Architectural Decision Making
Assess how a candidate thinks through major system and technical decisions, including selecting architectures, technologies, and technical strategies. Expect discussion of evaluation criteria such as performance, reliability, scalability, complexity, cost, development velocity, team capability, maintenance burden, and long term evolution. Candidates should explain specific past decisions with clear articulation of the options considered, trade offs accepted, risk mitigation, observed consequences over time, what they would change with current knowledge, and evidence of nuanced judgment when balancing competing priorities. For senior and staff levels, this includes demonstrating influence across teams when making architecture calls, recognizing organization level costs of choices, and surfacing hidden operational or people costs.
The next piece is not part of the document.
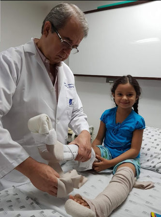 "En 1992 llegó un Ángel médico a nuestra fundación y desde ese momento ha donado su tiempo y profesionalismo para trabajar intensamente por la niñez colombiana mas vulnerable de Colombia. Se trata del Dr. Julio César Palacio, Médico especialista en Ortopedia y Director Médico ad-honorem de Fundación Casa de Colombia. Alguna vez en una entrevista le preguntaron cómo llegó a nuestra fundación y dijo "por estar en el momento justo y a la hora justa". Y es así, como bajo su liderazgo y dirección desde hace 28 años, se desarrolla el programa bandera de la Fundación: Programa de Salud; donde se destaca la labor social dedicada a nuestro proyecto de Ortopedia Infantil, que se realiza mediante jornadas médicas especializadas cada 6 meses, a través de las cuales hemos brindado a niños y niñas con malformaciones ortopédicas un promedio de 23.612 atenciones médicas, entre éstas: Consultas de ortopedia, cirugías- procedimientos quirúrgicos, consultas de seguimiento post-quirúrgico, cambios de yeso y retiros de material de osteosíntesis bajo anestesia. Adicionalmente, donando su tiempo realiza un trabajo conjunto con el área de Trabajo Social, clasificando los casos que se pueden beneficiar de este programa y garantizando acompañamiento a los niños y sus familias para darle continuidad al tratamiento médico indicado en la fase de post-Jornada.

Technical Leadership and Architectural Influence
Demonstrating leadership in technical decisions at the architecture or system level. Candidates should prepare concrete examples where they identified architectural problems, evaluated alternative solutions and trade offs, proposed a preferred design, gained buy in from engineers and stakeholders, and drove implementation. Discuss systems thinking and long term impact on team velocity, code quality, reliability, and product features. Include examples of championing new tools or frameworks, leading migrations or refactors, negotiating trade offs between time to market and technical debt, and occasions when you reversed a decision based on new data. Emphasize communication of complex technical ideas, consensus building with peers, and measurable outcomes.
Lyft ETA & Routing System Architecture
Design and architecture of large-scale ride-hailing ETA and routing systems, covering distributed system design, real-time data processing, routing algorithms, fault tolerance, geo-distributed services, data consistency considerations, and integration with external mapping and traffic data sources.